Interestingly, and this is our third preoccupation here, the bi-polar matrix of the Greek post-war political regime – the kampfplatz of the third period of capitalist modernization featured the Centre Union party of George Papandreou versus the right-wing bloc of Constantine Karamanlis and the King – persists in assuming qualitatively different features. It had to respond to a genuinely democratic political movement demanding the opening up of the political system and social reforms. At the same time, it condensed the dynamics of a new geo-politics in the Eastern Mediterranean epitomized, first, in the ‘East-West’ battles over Greece, Turkey and the Balkans (1940s) and, second, in the Cyprus issue (1950s–70s). By shedding light on these themes, we shall become aware of Greece’s inferior position within NATO relative to Turkey – about which, apparently, leaders such as Andreas G. Papandreou and Archbishop Makarios were fully aware – and the connection between Greece’s quest for democracy in the 1960s and the conflict over Cyprus. More to the point, we shall see that the real cleavage in Greek politics was that between Communism/the radical left, on the one hand, and anti-Communist forces, on the other, a cleavage that was to be suppressed by the political phenomenology of the kampfplatz. We believe that one of the most under-examined fields in the study of post-Civil War Greece is precisely the connection between domestic Greek politics, Greece’s positioning in NATO, and the Cyprus issue. In our view, this is the key to understanding why the democratic and reformist movement of the 1960s in Greece led by George and Andreas Papandreou did not manage to unblock the political system, leading instead to the imposed dictatorship of 21 April 1967.

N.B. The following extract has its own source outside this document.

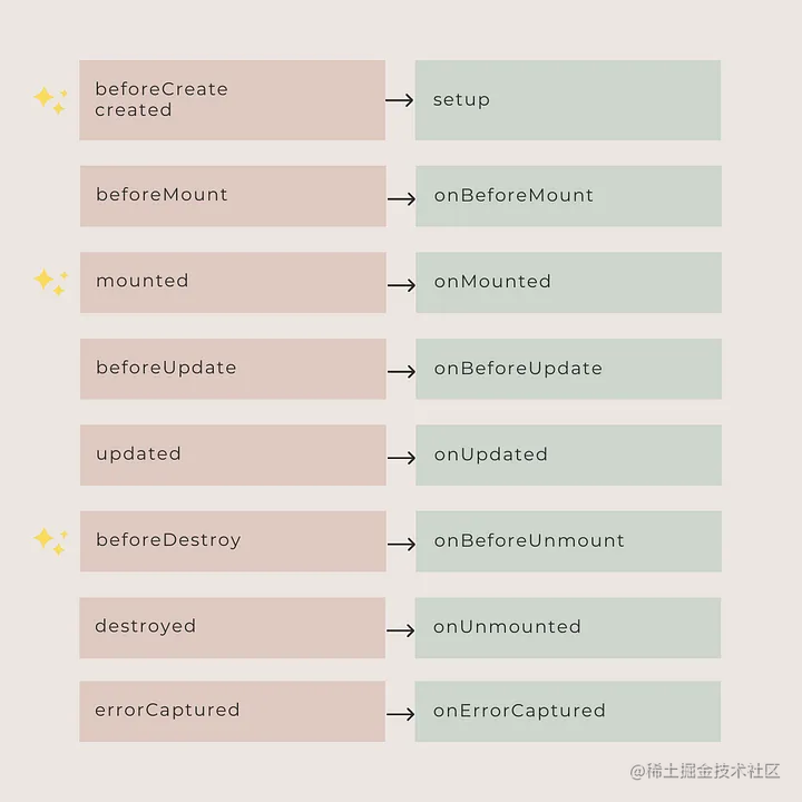 所有的组件生命周期事件都被重新命名,要么添加on前缀,要么完全改变名称。你可以在下面的图表中查看所有的变化。

4.1 The geo-political foundations of post-war growth

Greece participated in World War II on the side of the West, repelled an Italian attack through Albania but eventually succumbed to Germany’s invasion in 1941 and was then occupied by three armies, the German, Italian and Bulgarian. During the occupation, the fiscal and monetary system of the Greek state broke down completely. Some 250,000 died of hunger and more than 60,000 were executed by occupation forces, whereas some 60,000 Greek Jews were killed or deported to concentration camps.3 As if this was not enough, a bloody Civil War followed that lasted till the late 1940s. Middle classes almost ceased to exist. Hunger and pauperization became common among the population. All in all, between 1940 and 1950 more than 600,000 people out of a pre-war population of 7,345,000 perished. But Greece was a class and geo-political zone of conflict par excellence and before its elites could even think seriously of political economies of growth these conflicts should have been settled beforehand.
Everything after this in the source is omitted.